Install the extras, then:

```python
remote_file = "root://eospublic.cern.ch//eos/opendata/cms/derived-data/AOD2NanoAODOutreachTool/Run2012BC_DoubleMuParked_Muons.root"
df = (spark.read.format("root")
      .option("path", remote_file)
      .option("tree", "Events")
      .load())
df.show(3, truncate=False)
```

---

## Reading folders, globs, recursion

```python
# All .root files in a directory (non-recursive)
df = (spark.read.format("root")
      .option("path", "/data/myfolder")
      .load())

# Recursive directory expansion
df = (spark.read.format("root")
      .option("path", "/data/myfolder")
      .option("recursive", "true")
      .load())

# Custom extension used when 'path' is a directory
df = (spark.read.format("root")
      .option("path", "/data/myfolder")
      .option("ext", "*.parquet.root")
      .load())

# Glob
df = (spark.read.format("root")
      .option("path", "/data/*/atlas/*.root")
      .load())
```

---
## Tips and troubleshooting

- Prefer **explicit schemas** to prune early and minimize I/O.  
- Tune **partitioning**:  
  - `step_size` = entries per Spark partition.  
  - `num_partitions` (per file) overrides `step_size`.  
- Large jagged arrays benefit from reasonable `step_size` (e.g., `100k–1M`).  
- If necessary, use `arrow_max_chunksize` to keep batch sizes moderate for downstream stages.  
- `cast_unsigned=true` normalizes `uint*` to signed widths (Spark-friendly).  
- Fixed-size lists are preserved as Arrow `fixed_size_list` (no silent downgrade).
- **XRootD errors**: install both `fsspec` and `fsspec-xrootd`, and the XRootD client libs.

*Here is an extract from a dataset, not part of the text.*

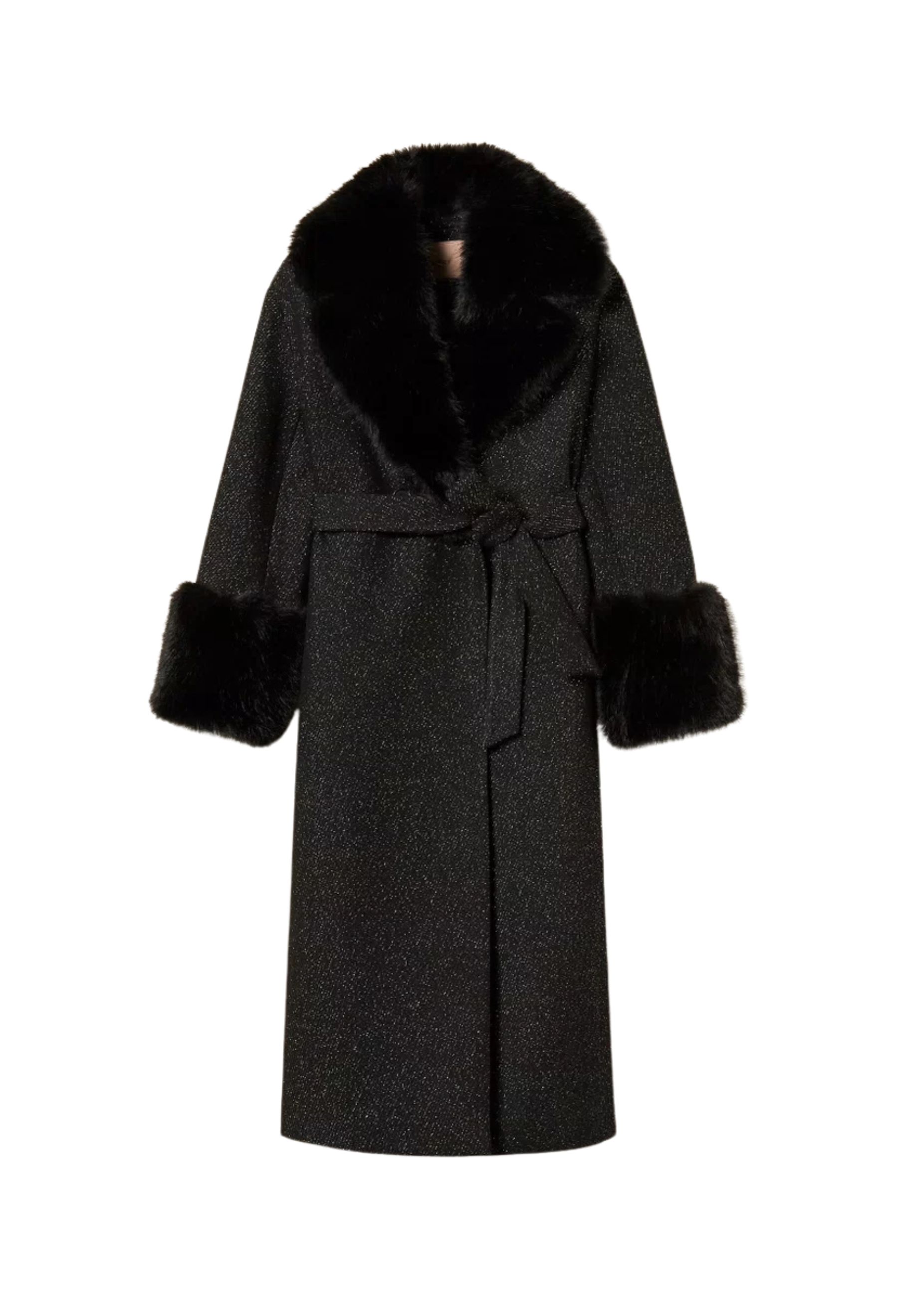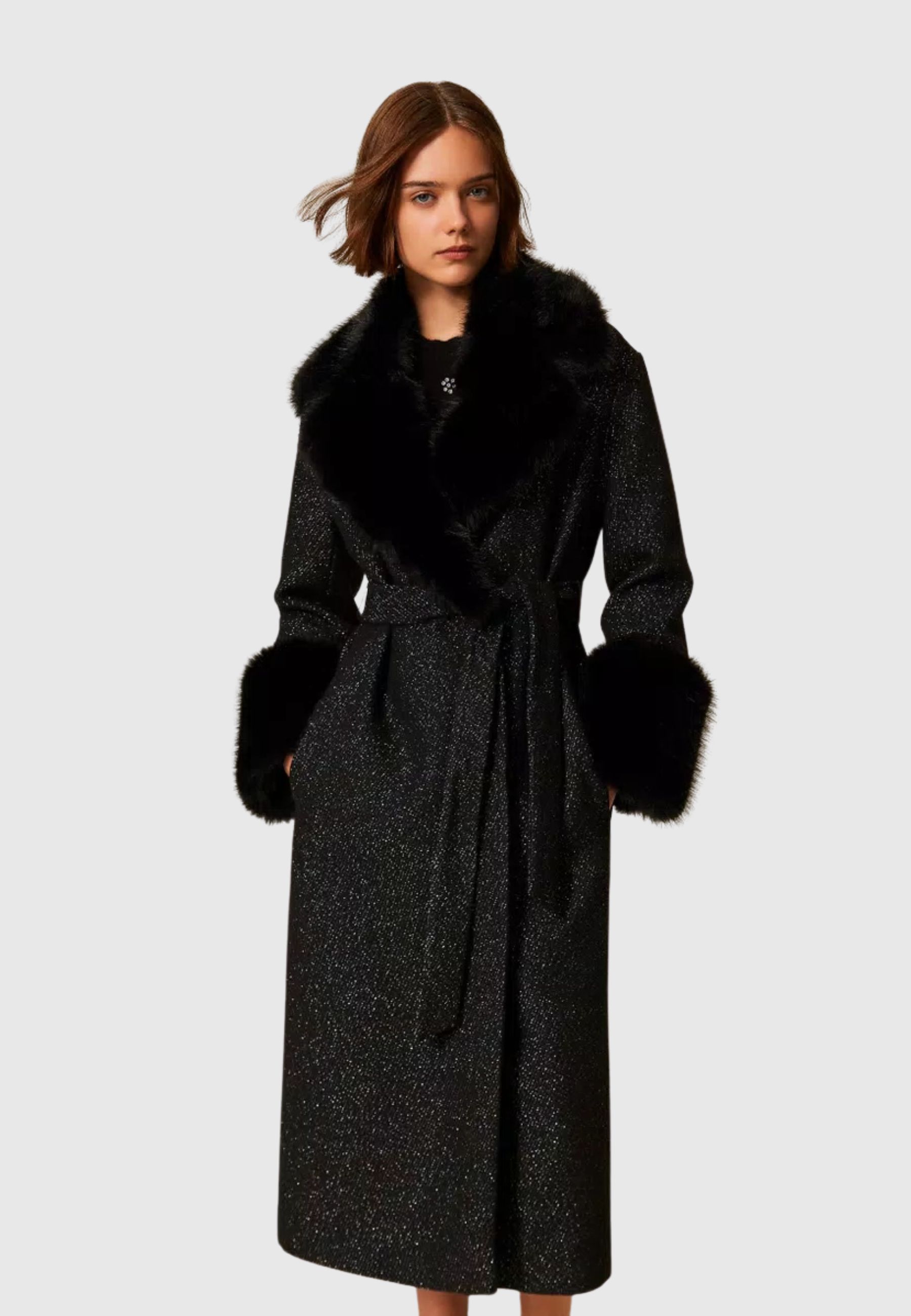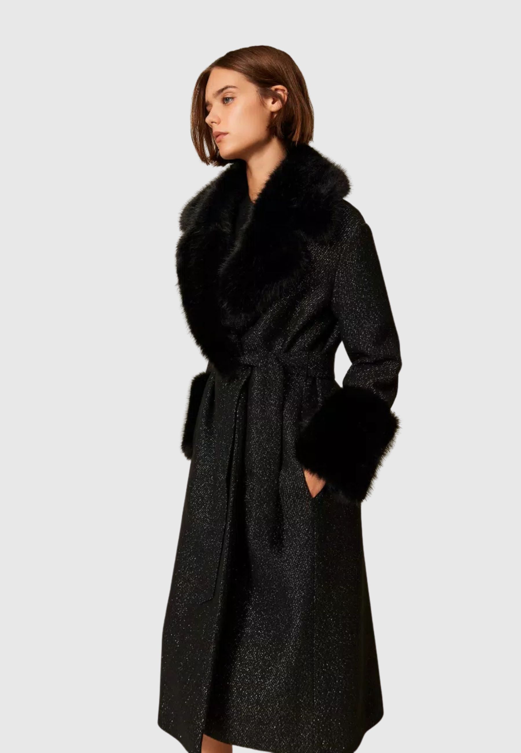 Elegante cappotto lungo a fantasia con filo lurex, impreziosito da collo e polsi rimovibili in pelliccia sintetica. Il modello presenta revers classici, chiusura doppiopetto con bottoni, maniche lunghe e tasche inserite nei fianchi. Lo spacco centrale sul retro e la cintura coordinata valorizzano la linea dritta, mentre la fodera trapuntata garantisce comfort e calore. Sul retro è applicata la placchetta logo Oval T.

Conda is often the smoothest:  
  ```bash
  pip install fsspec fsspec-xrootd
  conda install -c conda-forge xrootd
  ```
- **Tree not found**: double-check `.option("tree", "...")`; error messages list available keys.  
- **Different schemas across files**: ensure compatible branch types or read by subsets, then reconcile in Spark.  
- **Driver vs executors env mismatch**: set both `spark.pyspark.python` and `spark.pyspark.driver.python` to your Python.